Problem statement: Scan the following material for the string "with" and copy each line in which it appears.

====

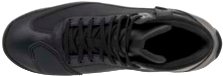
13 BLACK RED
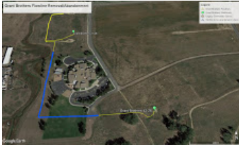
Grant Brothers Battery Flowlines.jpg 921K
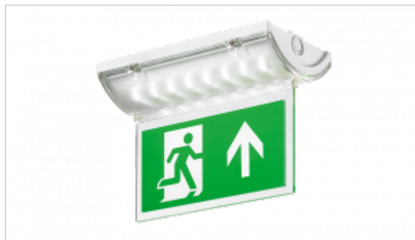
OEZ 2 with Legend
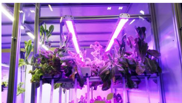
Deep blue and deep red 6630H compact LED batten for indoor hydroponic vegetable plant with good harvesting

Picture on left exhibits the indoor hydroponic vegetable plant using 6630H compact batten. Light source of the luminaire is deep blue mixed with deep red SMD module complete with built-in driver. It was customized in accordance with the horticulturist's designated spectrum promoting the photosynthesis for plants throughout the vegetative and reproductive growth stages.
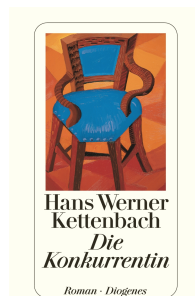
The Rival 528 pages 2002

====

The answer:
OEZ 2 with Legend
Deep blue and deep red 6630H compact LED batten for indoor hydroponic vegetable plant with good harvesting
Picture on left exhibits the indoor hydroponic vegetable plant using 6630H compact batten. Light source of the luminaire is deep blue mixed with deep red SMD module complete with built-in driver. It was customized in accordance with the horticulturist's designated spectrum promoting the photosynthesis for plants throughout the vegetative and reproductive growth stages.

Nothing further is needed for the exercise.